Following its consultations on these issues, the Government has published a draft statutory instrument containing amendments to the law (the Employment Rights (Amendment, Revocation and Transitional Provision) Regulations 2023).
The changes, which are likely to come into force on 1 January 2024 include;
- Holiday pay calculations for irregular hours and part-year employees will be simplified by allowing employers to 1. calculate holiday (pay) entitlement as 12.07 per cent of the hours worked in a pay period and 2. pay workers a sum in addition to their normal hourly rate of pay to represent their holiday pay entitlement (rolled-up holiday pay).
Although the regulations are due to come into force on 1 January 2024, they will only change holiday entitlement for leave years beginning on or after 1 April 2024.
- EU case law will be retained (post Brexit) to allow carry over of:
- All statutory annual leave to the following year when a worker is unable to take their leave due to being on family related leave (e.g. maternity or adoption leave);
- Four weeks annual leave per year (the statutory entitlement) for a maximum of 18 months where a worker is unable to take their leave due to sickness; and
- Four weeks annual leave per year (the statutory entitlement) where the worker has not been given opportunity to take the leave or the employer has failed to inform them that any leave not taken and which cannot be carried over will be lost.

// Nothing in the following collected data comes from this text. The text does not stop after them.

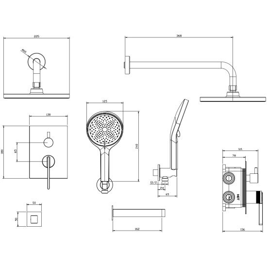 Душевая система DQ для ванны и душа Bonn встраиваемая с изливом графит (DA1705606) купить
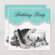 Elegant white rose, pearls & high heel shoes teal blue birthday party invitations. This elegant design can be customised on the front and back for your party or event. This beautiful teal blue, pearls, gift, white rose and high heel shoes works well for a girl or womans birthday party invitation, wedding, bridal shower, retirement party, corporate event, anniversary party, and any other special occasion. Add your details to the front and/or back by simply choosing the "Customise it!" button to begin adding your event details, font style, font size & colour, and wording. Please note - all of the invitation designs you will find on Zazzle are printed graphics with no actual jewels, bows, raised, embossed, or added parts or pieces.
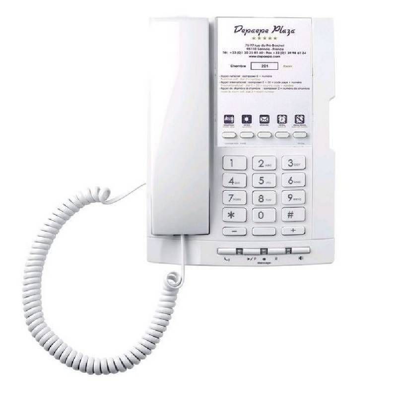 With pictograms and captions , you can customize the keys to direct access to services. The Premium Hotel 5 wired phone is equipped with 5 direct access memory keys . At the push of a button, you call your 5 regular contacts.
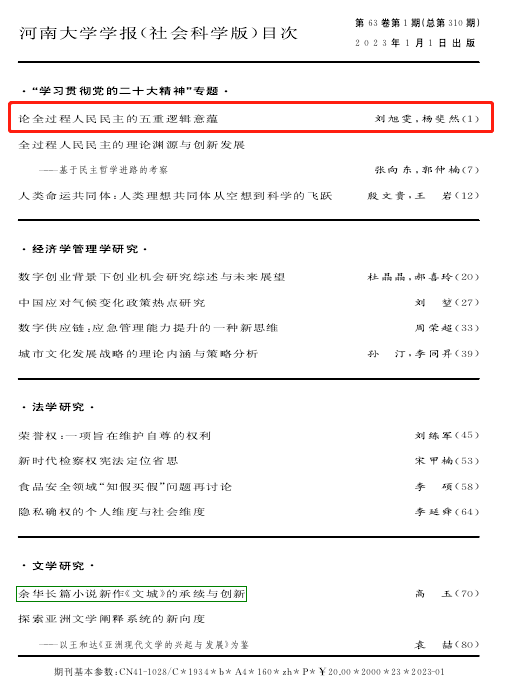 外围买球app官网教师刘旭雯在《河南大学学报(社会科学版)》(2023年第1期)上发表理论文章《论全过程人民民主的五重逻辑意蕴》。

- Define ‘normal remuneration’ for the purposes of statutory holiday pay as including commission payments and other payments, such as regular overtime payments.
- Employers can consult with employees directly (if there are no existing representatives in place) if they:
- Have less than 50 employees; or
- The particular transfer in question involves less than 10 employees.
- The requirement to keep detailed records of working hours and rest breaks for all staff has been removed, provided that ‘the employer is able to demonstrate compliance [with the Working Time Regulations] without doing so’.